Task directions -> Copy all the data exactly, except the pictures.

---------- Data to process

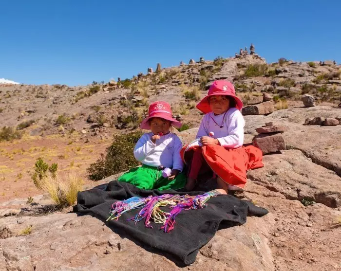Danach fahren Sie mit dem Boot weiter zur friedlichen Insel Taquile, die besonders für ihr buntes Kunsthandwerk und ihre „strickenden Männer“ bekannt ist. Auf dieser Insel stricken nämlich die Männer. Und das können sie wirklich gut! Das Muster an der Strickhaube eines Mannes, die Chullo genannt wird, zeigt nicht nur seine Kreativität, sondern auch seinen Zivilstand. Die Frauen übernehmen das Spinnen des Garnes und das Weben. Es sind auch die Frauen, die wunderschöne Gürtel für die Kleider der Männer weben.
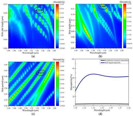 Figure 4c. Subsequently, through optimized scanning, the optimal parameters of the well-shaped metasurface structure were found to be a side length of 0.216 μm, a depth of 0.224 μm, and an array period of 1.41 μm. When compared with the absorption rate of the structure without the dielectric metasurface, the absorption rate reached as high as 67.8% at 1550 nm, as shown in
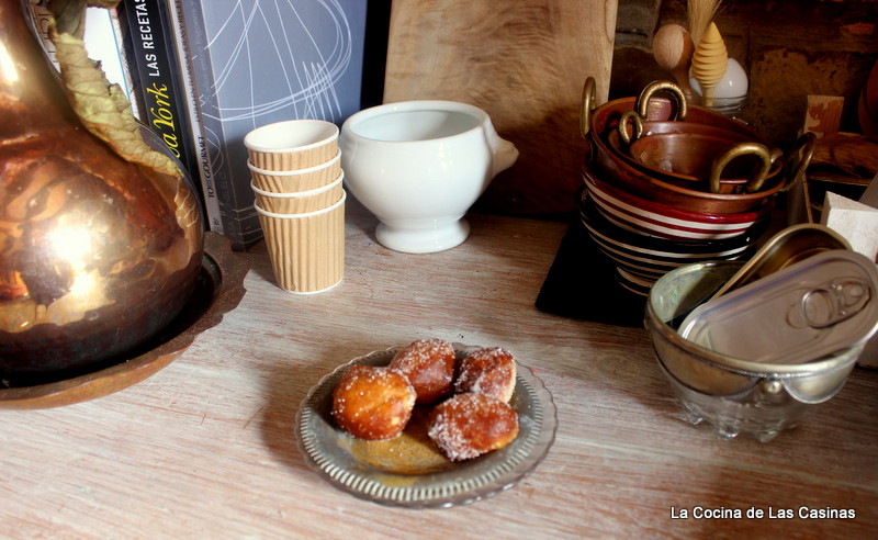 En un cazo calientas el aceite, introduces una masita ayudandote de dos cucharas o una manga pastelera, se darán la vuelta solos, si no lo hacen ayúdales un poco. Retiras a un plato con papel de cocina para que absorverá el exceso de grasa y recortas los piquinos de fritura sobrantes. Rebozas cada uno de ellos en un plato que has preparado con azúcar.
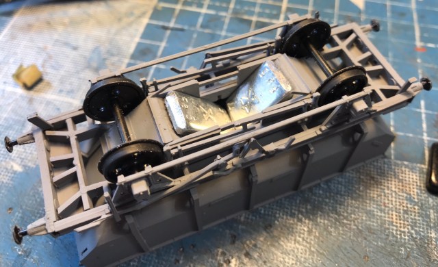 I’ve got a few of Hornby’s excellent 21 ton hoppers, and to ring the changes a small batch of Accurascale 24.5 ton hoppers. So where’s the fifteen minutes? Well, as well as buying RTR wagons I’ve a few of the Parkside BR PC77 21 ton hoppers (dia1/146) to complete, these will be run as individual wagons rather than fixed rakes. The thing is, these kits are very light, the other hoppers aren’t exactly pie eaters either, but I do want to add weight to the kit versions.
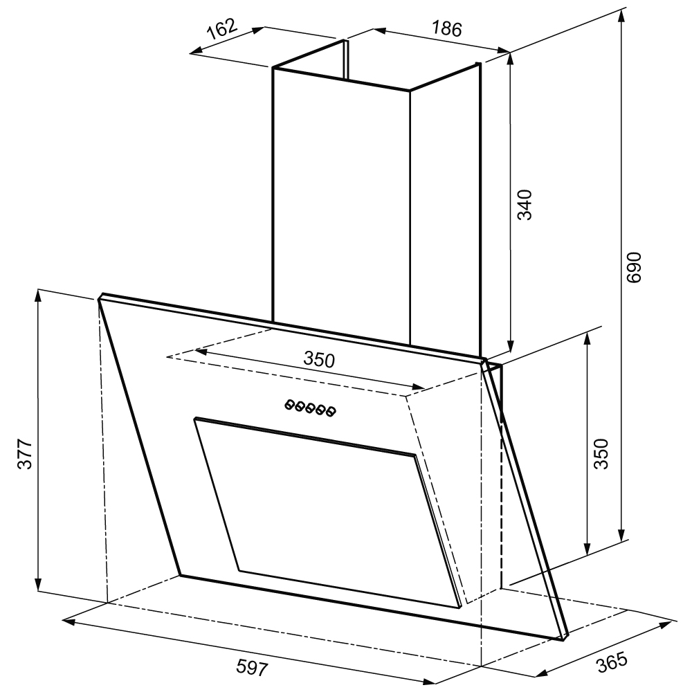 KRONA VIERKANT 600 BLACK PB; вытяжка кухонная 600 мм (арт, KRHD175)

--------------------

Solved exercise ->
Danach fahren Sie mit dem Boot weiter zur friedlichen Insel Taquile, die besonders für ihr buntes Kunsthandwerk und ihre „strickenden Männer“ bekannt ist. Auf dieser Insel stricken nämlich die Männer. Und das können sie wirklich gut! Das Muster an der Strickhaube eines Mannes, die Chullo genannt wird, zeigt nicht nur seine Kreativität, sondern auch seinen Zivilstand. Die Frauen übernehmen das Spinnen des Garnes und das Weben. Es sind auch die Frauen, die wunderschöne Gürtel für die Kleider der Männer weben.
 Figure 4c. Subsequently, through optimized scanning, the optimal parameters of the well-shaped metasurface structure were found to be a side length of 0.216 μm, a depth of 0.224 μm, and an array period of 1.41 μm. When compared with the absorption rate of the structure without the dielectric metasurface, the absorption rate reached as high as 67.8% at 1550 nm, as shown in
 En un cazo calientas el aceite, introduces una masita ayudandote de dos cucharas o una manga pastelera, se darán la vuelta solos, si no lo hacen ayúdales un poco. Retiras a un plato con papel de cocina para que absorverá el exceso de grasa y recortas los piquinos de fritura sobrantes. Rebozas cada uno de ellos en un plato que has preparado con azúcar.
 I’ve got a few of Hornby’s excellent 21 ton hoppers, and to ring the changes a small batch of Accurascale 24.5 ton hoppers. So where’s the fifteen minutes? Well, as well as buying RTR wagons I’ve a few of the Parkside BR PC77 21 ton hoppers (dia1/146) to complete, these will be run as individual wagons rather than fixed rakes. The thing is, these kits are very light, the other hoppers aren’t exactly pie eaters either, but I do want to add weight to the kit versions.
 KRONA VIERKANT 600 BLACK PB; вытяжка кухонная 600 мм (арт, KRHD175)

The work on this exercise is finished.